Table of Contents
If you want customers to find you when they search locally, you need to add your business to Google Maps. It's free, it usually takes around 20 minutes to set up, and it's one of the highest-impact actions you can take for local visibility.
This guide walks you through the full process — from claiming your Google Business Profile to verifying it, setting a service area if you're mobile, and avoiding the mistakes that stop businesses showing up properly.
Whether you run a local trade, a clinic, or a home-based consultancy, you'll know exactly what to do by the end.
Quick answer (if you're in a rush)
- Go to https://www.google.com/business/ and sign in with a Google account
- Click "Add your business to Google" and enter your business name
- Choose the most specific primary category you can
- Add your address or set a service area if you're mobile
- Verify by postcard, phone, or email (postcard is common in the UK)
- Complete the profile: hours, services, description, photos, and contact details
That's the fast version. For the details — and how to avoid common mistakes — keep reading.
Step-by-step: add your business to Google Maps
1) Go to Google Business Profile Manager
Visit https://www.google.com/business/ and sign in with the Google account you want to use to manage the listing. If possible, use a company email rather than a personal one.
2) Click "Add your business to Google"
If your business already exists on Google Maps (sometimes Google or customers create listings automatically), you'll be prompted to claim it instead of creating a new one.
3) Enter your business name
Use your real trading name. Don't add extra keywords like "Best Plumber + City" — that can trigger edits, suspensions, or verification issues.
4) Choose your primary category
This step is critical. Pick the closest match and keep it specific. You can add secondary categories later, but your primary category strongly influences what you appear for.
5) Add your location (or choose service area)

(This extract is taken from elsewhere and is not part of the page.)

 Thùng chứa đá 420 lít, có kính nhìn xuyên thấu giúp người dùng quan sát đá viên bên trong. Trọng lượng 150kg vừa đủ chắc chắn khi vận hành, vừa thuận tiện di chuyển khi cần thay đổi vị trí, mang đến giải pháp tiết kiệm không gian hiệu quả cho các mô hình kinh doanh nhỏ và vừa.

- If customers visit you at a shopfront or office, add the full address.
- If you travel to customers (or work from home), select the option that you deliver services and move to service-area setup (next section).
6) Add contact details
Add a phone number (a local UK number is ideal) and your website URL if you have one. If you don't have a website yet, you can add it later — but having one helps trust and tracking.
7) Request verification
Google will offer verification options depending on your business. In the UK, postcard verification is common. You'll receive a code by post.
8) Enter the verification code
When the code arrives, log back in and enter it. Your profile will usually become visible shortly afterwards (sometimes quickly, sometimes after review).

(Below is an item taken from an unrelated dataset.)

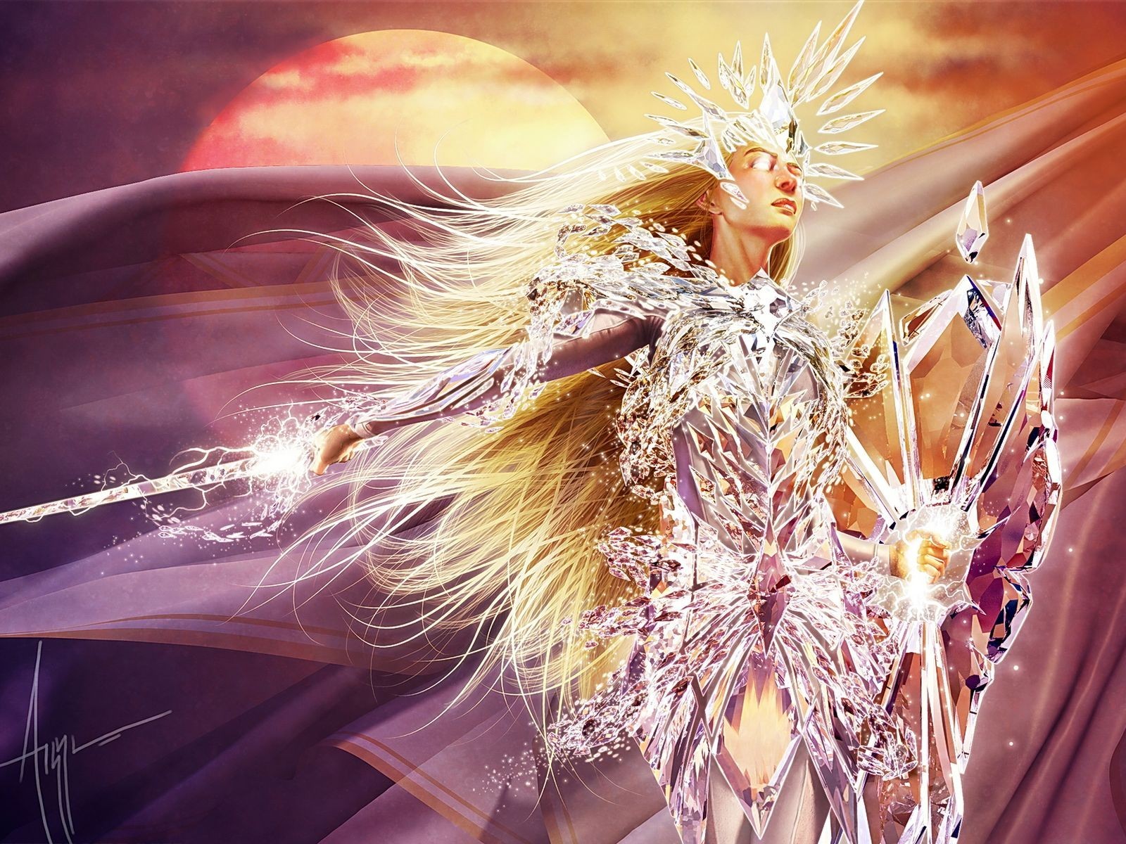 Сказочный персонаж девушка воин в ледовом облаченьи

If you don't have a shopfront (service-area businesses)
If you're a plumber, electrician, mobile hairdresser, or you work from home, you usually shouldn't show your address publicly. Instead, you set a service area.
Here's how to do it correctly:
- Choose the option that you deliver goods and services to customers
- Enter your address for verification (Google may still need it for the code)
- Select "Hide my address" so it's not public
- Set your service area by town/city and postcode areas you genuinely cover
- Keep it realistic — don't claim the entire UK if you're a solo operator
Common Mistake
Leaving a residential address visible by accident. If you're service-area based, double-check your address visibility settings.
Common mistakes that stop you showing up
Most businesses get a listing live, then lose visibility because the fundamentals are off. Avoid these:
Being too broad reduces relevance.
Can get your profile flagged or edited.
Name, Address, Phone must match website.
Unverified profiles struggle for visibility.
No photos, vague description, missing hours.
Splits trust and causes ranking issues.
Triggers suspension if presence isn't proven.
Looks unmanaged and reduces trust.
Quick optimisation checklist (after you're live)
Once you're verified, don't stop there — a complete profile tends to convert better and can improve visibility.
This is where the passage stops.